As I said at the start though, I hate writing if statements, and I’d rather avoid it if possible. In addition, how do you reliably figure out what platform you’re executing on? I really don’t want to figure that out. Not to mention, I just don’t think this code is cool.

My test requirements:

  • No if statements
  • Self contained (I don’t want to shell out or use other libraries)
  • Must have pizzazz

Since machine code is just bytes that the CPU interprets, it made me wonder “is there a set of bytes that execute both on an x86_64 CPU and an ARM64 CPU?” It turns out there are, and I want to walk through them here.

x86_64 Instructions

First lets look at the x86_64 instructions we’ll execute.
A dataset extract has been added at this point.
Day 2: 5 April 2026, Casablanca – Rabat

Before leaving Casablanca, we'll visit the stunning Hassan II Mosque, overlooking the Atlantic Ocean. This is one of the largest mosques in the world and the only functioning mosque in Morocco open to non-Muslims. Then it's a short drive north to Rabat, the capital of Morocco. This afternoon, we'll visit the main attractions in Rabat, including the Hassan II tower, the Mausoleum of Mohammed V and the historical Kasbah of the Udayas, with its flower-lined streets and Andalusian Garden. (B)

Below is the assembly code (in Intel syntax):

.start:
  mov rax, 0x2b ; put 0x2b in the rax register
  ret           ; return from the function
  jmp start     ; jump to .start

This assembly code puts the value 0x2b in the rax register and returns from the current “C” function. I put “C” in quotes because we’re writing assembly code, but the assembly code is conforming to the C calling convention and we’ll treat it as if it’s a C function when we call it. The x86 C calling convention states that the value in the rax register is the “return value” of the C function. So we’ve created a function that returns 0x2b. At the end of the code there is a jmp instruction that jumps to the start of this sequence. However, since we return from the function before getting to the jump, the jump is never used (or is it?????)
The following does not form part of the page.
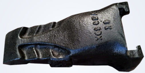
VOLVO V59 SDX
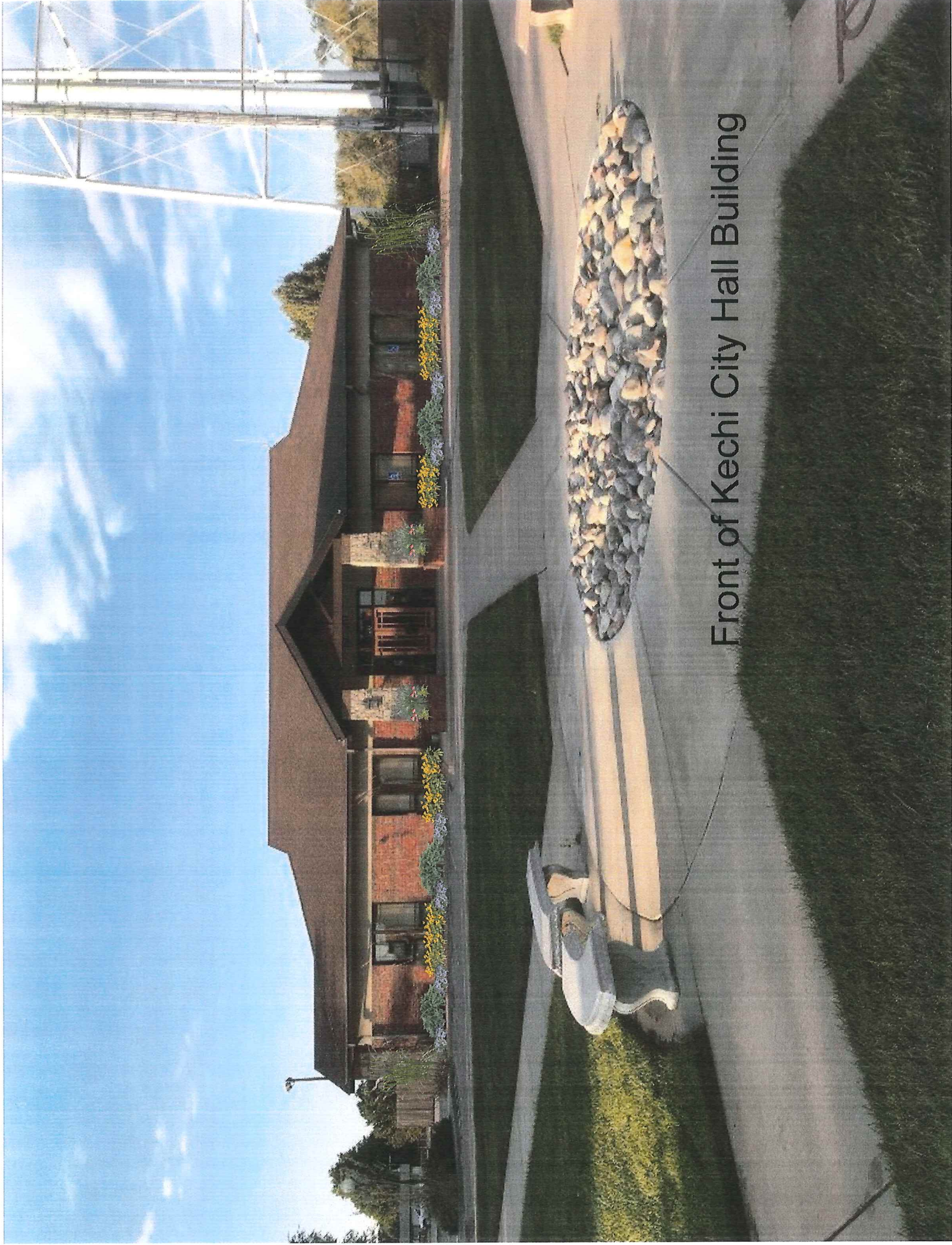
Front of Kechi City Hall Building

Machine code is just bytes, and here are the bytes for the above x86 machine code:

0x48 0xC7 0xC0 0x2b 0x00 0x00 0x00  ; mov rax, 0x2b
0xC3                                ; ret
0xEB 0xF6                           ; jmp start

x86 uses a “variable width” encoding, meaning that the number of bytes each instruction uses can vary. In this example, the mov instruction used 7 bytes, and the ret instruction used 1 byte. This means that the jmp instruction is the 9th byte, or offset 8.

ARM64 Instructions

Below are some ARM64 instructions we can execute:

movz X11, 0x7b7 ; put 0x7b7 in the X11 register
movz X0, 0x2b   ; put 0x2b in the X0 register
ret             ; return from the function

This machine code puts the value 0x7b7 in to the register X11. Then it puts the value 0x2b in the X0 register. The third instruction returns from the function. Again we are abiding by the C calling convention, but this time on the ARM64 platform. On the ARM64 platform, the value stored in X0 is the return value. So the above machine code will return the value 0x2b to the caller just like the x86_64 machine code did.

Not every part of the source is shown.